The Internet doesn’t last forever, for everyone.
News outlets are notoriously bad at saving their work. Archiving the journalism that you pour blood, sweat, and whatever else into is a crucial step to having a lasting impact. But 19 news organizations out of 21 in a study conducted earlier this year weren’t taking any steps to archive their online content (no, saving it in a Google Doc or Github doesn’t count). As I wrote then: “For a field that likes to consider itself the author of the first draft of history, the vast majority of those authors don’t prioritize how to save and share that history in the future.”
But another equally important issue is unpublishing — a news outlet choosing to remove a piece of reporting from the internet, usually on the request of a person mentioned in the story, often related to a crime. There’s the argument for minors not being haunted by an SEO-friendly stupid offense from years ago when they’re applying to college or looking for a job, but there’s also the question of erasing that first draft of history.
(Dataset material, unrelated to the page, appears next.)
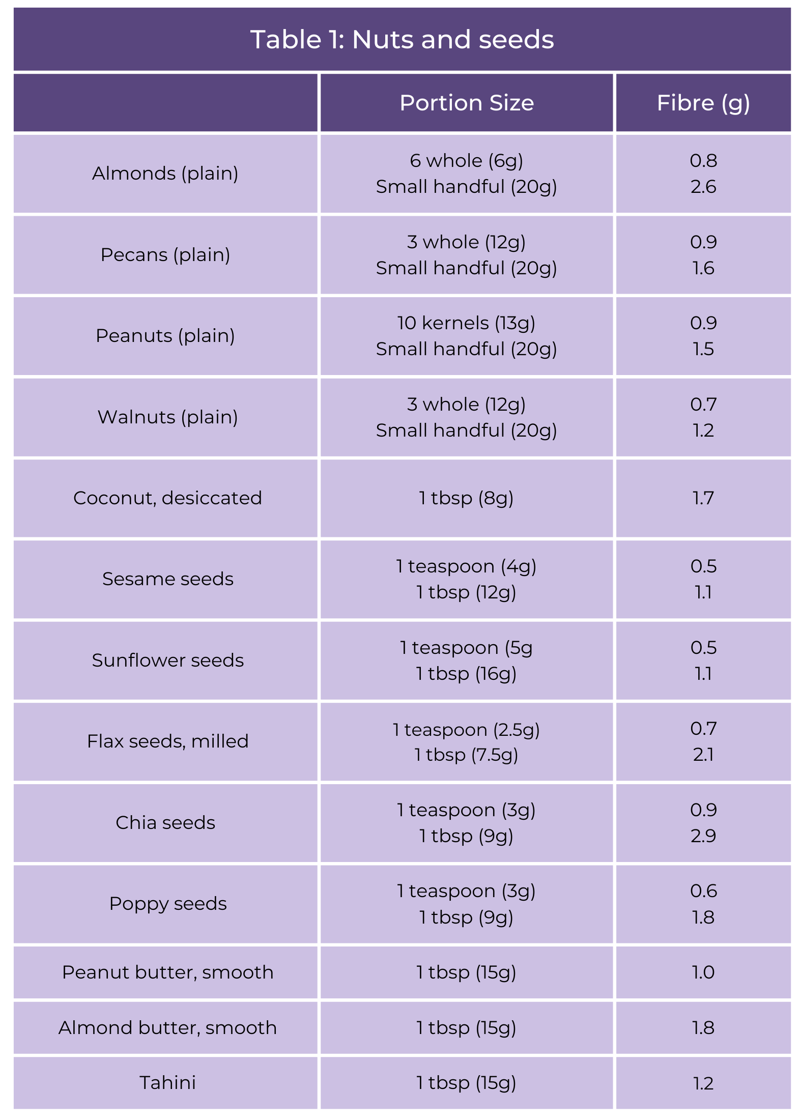 - Approach each meal as an opportunity to increase fibre and think of what fibre sources you can add. E.g. can you add a tablespoon of seeds to top a bowl of porridge? Can you add a handful of berries to have with your lunch or as a snack?

You don’t know who will be missing that piece of information in whatever context in the future.
There’s quite a gray area between these two points, and Deborah Dwyer has spent the past few years analyzing it. She’s a PhD candidate at UNC Chapel Hill and is writing her dissertation on the ethics and practicality of unpublishing. Drawing from Kathy English’s 2009 study on the same topic, Dwyer revisited the issue with a dozen qualitative interviews and a survey of 100+ newsroom leaders in 2017 and found the same result: Very few news outlets have a stringent policy or general standards. Very few outlets really know what they’re doing with unpublishing.
“We know how people handle corrections — they have a policy. What they don’t necessarily communicate is how they handle unpublishing and removing from the public view,” Dwyer said.
She defines unpublishing as:
The act of deleting factual content that has been previously published online in response to an external request prompted by personal motivations such as embarrassment or privacy concerns.
Here’s some of what she’s found so far:
- 80 percent of news outlets surveyed had established unpublishing policies, but almost half of those were not in writing and only two percent were shared beyond the newsroom.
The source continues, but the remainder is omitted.